When a relationship is opened there are many things that used to be strictly defined that are suddenly redefined and sometimes the lines are thin and blurred.... Before you began swinging, if either one of you had sex with another person it would automatically be cheating. What about contact? If you had met someone and shared a kiss before you were swinging would that have been cheating?... for some people this is a straight up yes, others a not really, and some might want a divorce over this.
But now you've opened the wide world of open relationships. Welcome. It can be a very fun and exciting world for you and your husband, or it can be very difficult and painful. The difference is what you do with it. You have to talk with your husband openly and honestly. He already knows you're not interested in your girlfriend's hubby sexually. He gave you permission to go outside, but he sounds uneasy about this... as well he should be. You say you are very new to the openness of swinging. Obviously you have more trust within your relationship than most monogamous relationship couples have... but this can be difficult, even for more experienced swingers...
I have known couples who swing for 10 years and do not play without their mate... and others who swing for a year or two and play separately.
You and your husband need to have a chat with each other. No, a talk, talking is more serious than chatting... If you have not already discussed these things with him, now is the time to start.

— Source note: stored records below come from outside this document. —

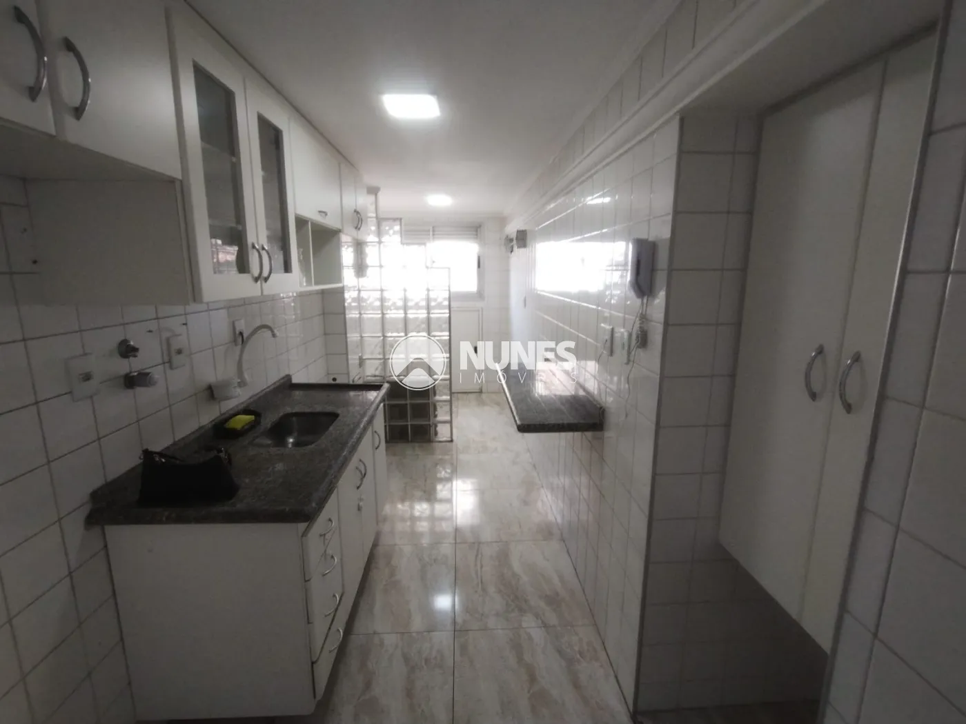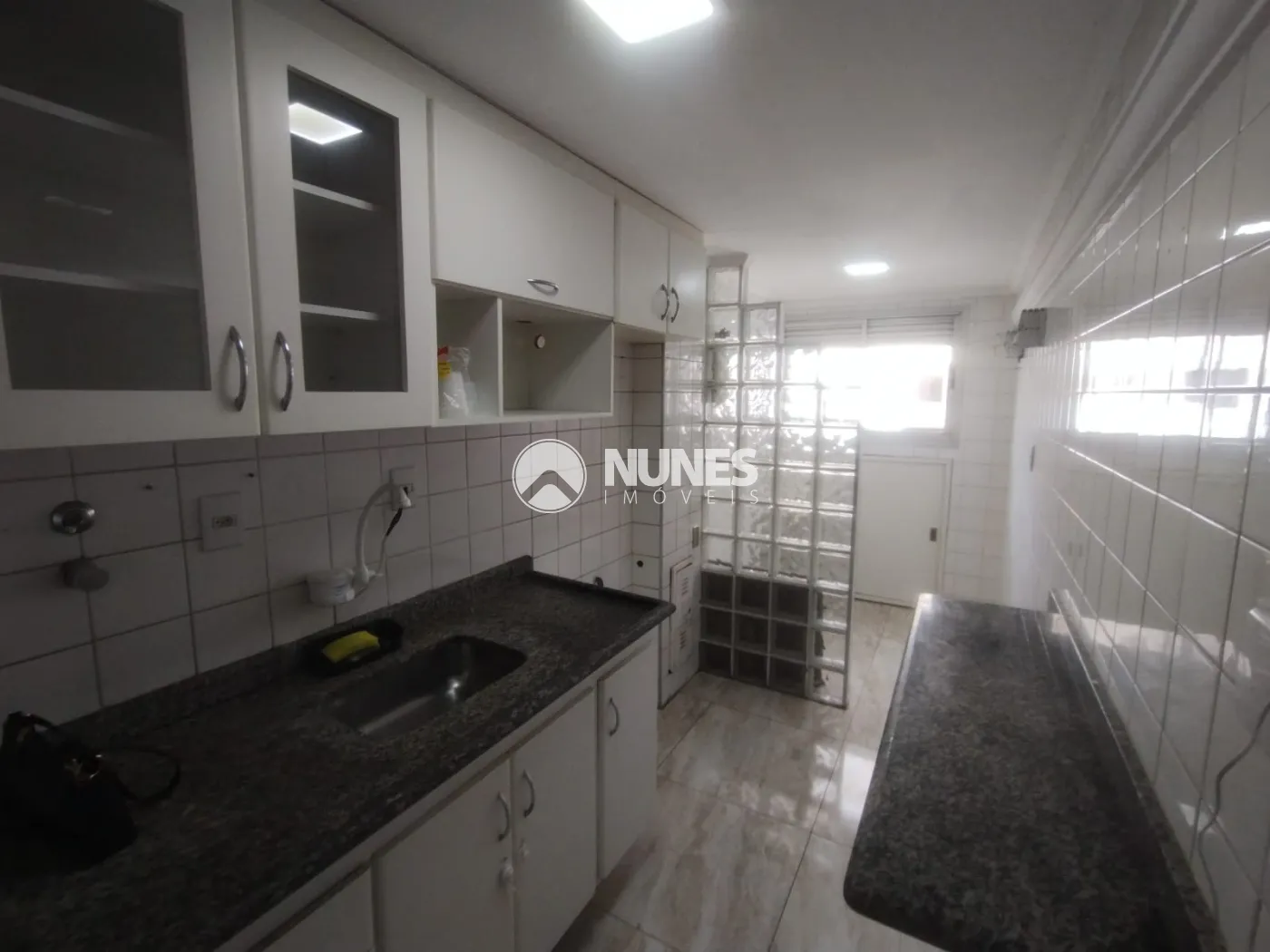 Cozinha com armários e bancada (piso porcelanato)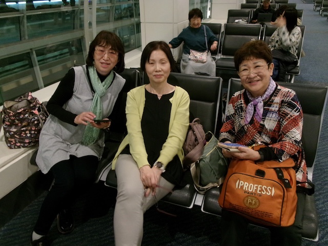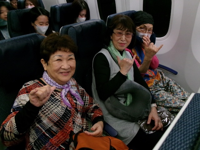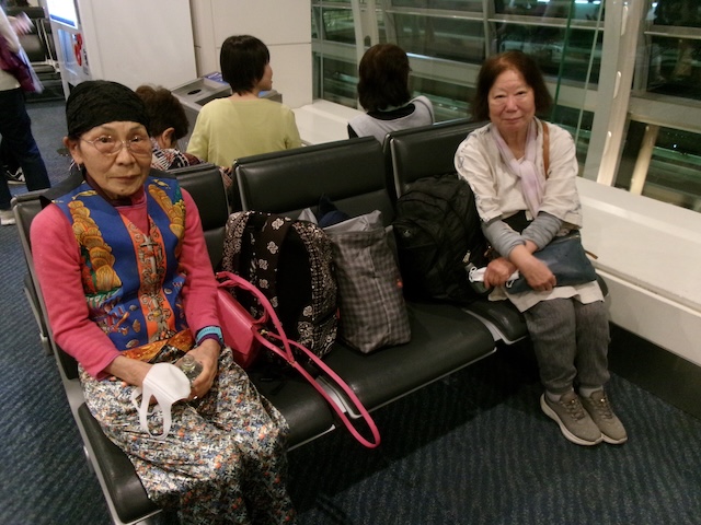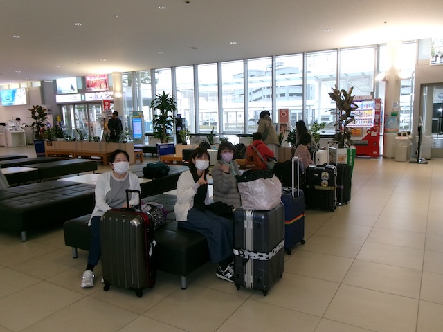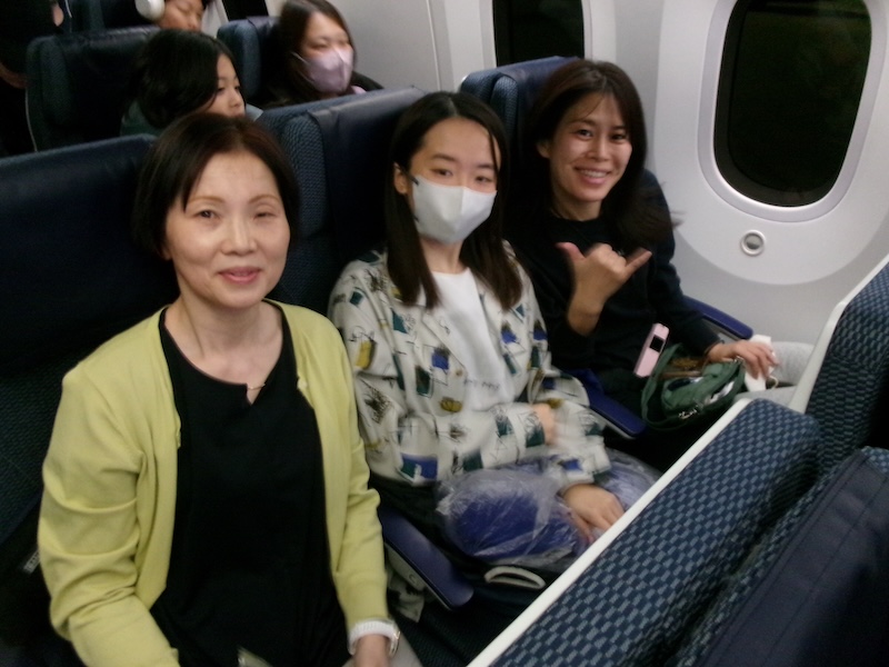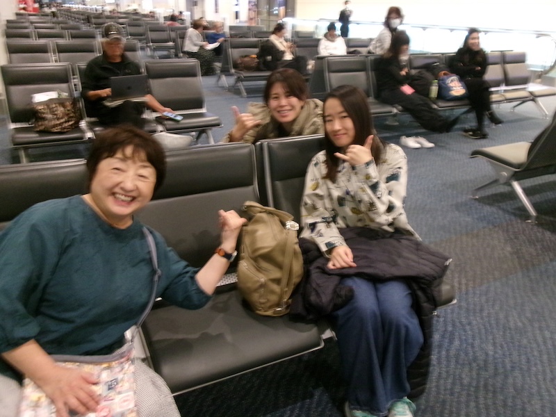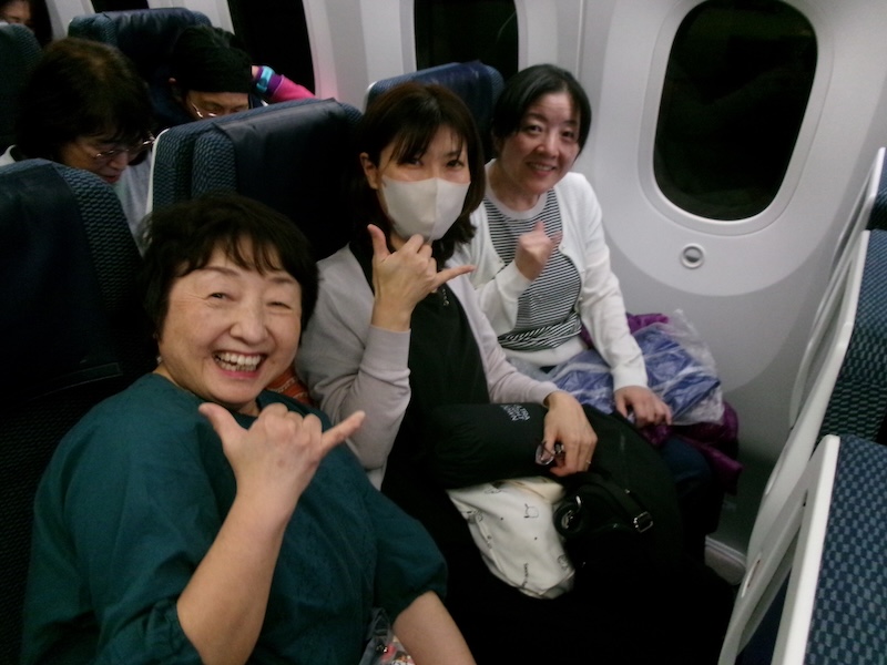 午前中診療をして、午後2時にクリニックに集合。各自の車で岩国空港に向かい、渋滞もなく進み、午後3時には到着しました。午後4時からチェックインし、手荷物預かり、検査を受け、午後5時55分発まで待ちました。全日空で、羽田経由でホノルルに向かい、手荷物はホノルルまで運ばれるので、機内持ち込みだけで移動でき便利でした。岩国空港に飛行機の到着が遅れ、さらに羽田でも着陸時間も混雑で遅れました。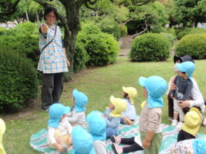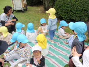 食べ終わったお友だちから、芝生で遊ぼうとしたのですが、小学生のお友だちが課外授業で使っていたので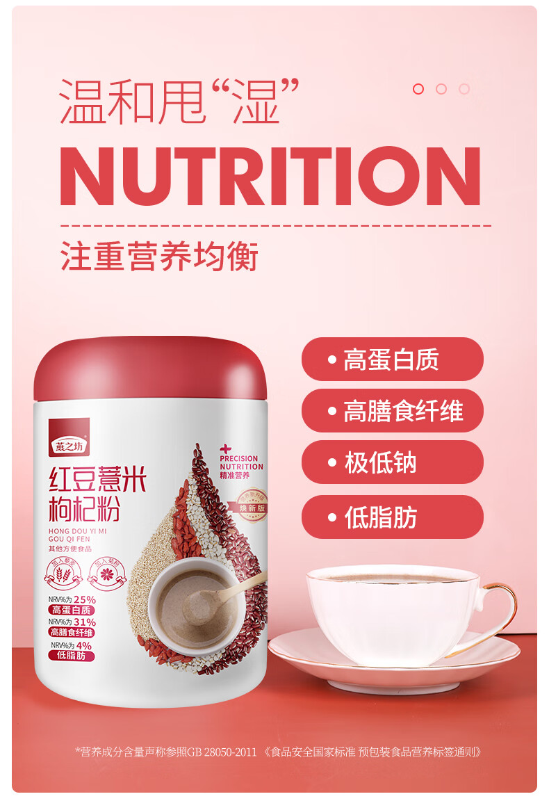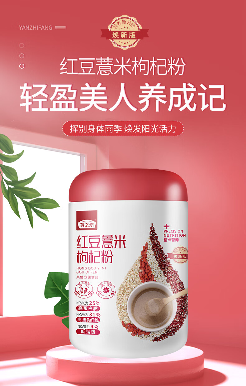 燕之坊 红豆薏米枸杞粉薏仁粉五谷粉早餐速食懒人代餐赤小豆薏米粉500g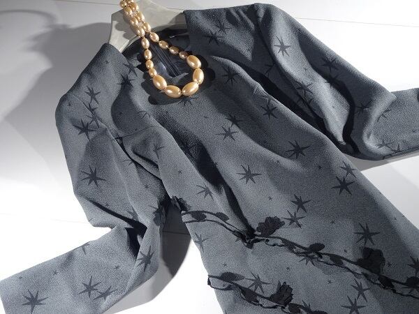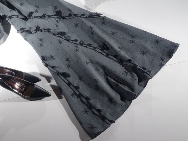 レトロデザインの豪華なワンピ-スです。腰から下の刺繍がアクセントなっています。パーティなどフォーマルなシーンにもぴったりな一着です。背中ファスナー。裏地有り。日本製。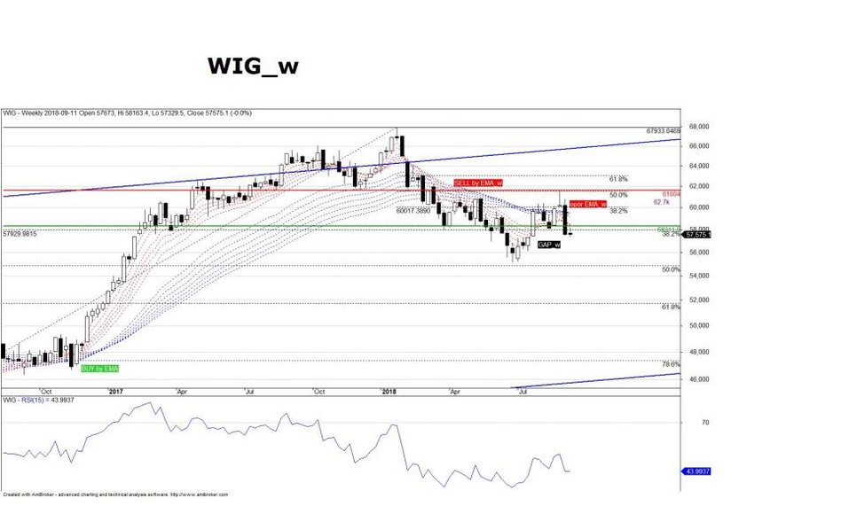 Zacznijmy od indeksu WIG. Mówiąc krótko – nie jest dobrze. Notowania w ujęciu tygodniowym odbiły się od 50-proc. zniesienia Fibonacciego i w ciągu dwóch tygodni spadły do 57 500 pkt. Czy to już koniec wakacyjnych zwyżek i wracamy do bessy?

Why not find another couple both of you can enjoy? I'm sure there's nothing wrong with your friend's guy, just not attracted to him. This is fine, swingers don't have to be attracted to everyone.. swinger does not equal nympho by any means.
Why does your husband not want to know before you'd play with this younger man? Is he jealous? Does he think he'll put a kibosh to the whole thing if he knows before hand?
Just this sends a red flag up to me that he is not really comfortable with this, but he's trying to make you happy.
Would you be comfortable with him playing outside of your circle? Why or why not?
Is there any chance your husband, yourself, and your new guy friend could play together? This might make your husband feel more comfortable that you're not going to leave him for this young stud.
Out of curiosity, the party you met this young man at, was this a swing party? Is this a swing party you may meet up with him at this weekend?
If it is going to be a swing party, this would be a good time to have a 3some.
Also, it sounds to me like you are faithful to your one couple that you play with. Is this a boundary line for either of you, or are you interested in playing with multiple couples (not necessarily at once, just having a few couples that you meet with for fun instead of just one) This would alleviate some of the discomfort from your situation of him getting satisfied with your friend and you not being satisfied with friend's hubby...
Then you need to talk about what you both agree on is cheating. Like I said earlier, some long time swingers don't play separately. For them, it's thin ice to tread on.. might be considered cheating, might not. You have to know what works for you.
If the situation were different, and you both enjoyed this other couple, would you play with him without your husband, or would your husband play with her without you?
Just figure things out for yourselves, what is uncomfortable, what is OK, and what is right out of the question. Then talk about the grey areas... this is where the most trouble can occur. If a grey area situation approaches and you're still not sure.. best to steer clear to avoid that iceberg.. might sink ya, might not, but do you want to find out?
Assure your husband you love him, are attracted to him and enjoy having sex with him. I hope he can do the same for you.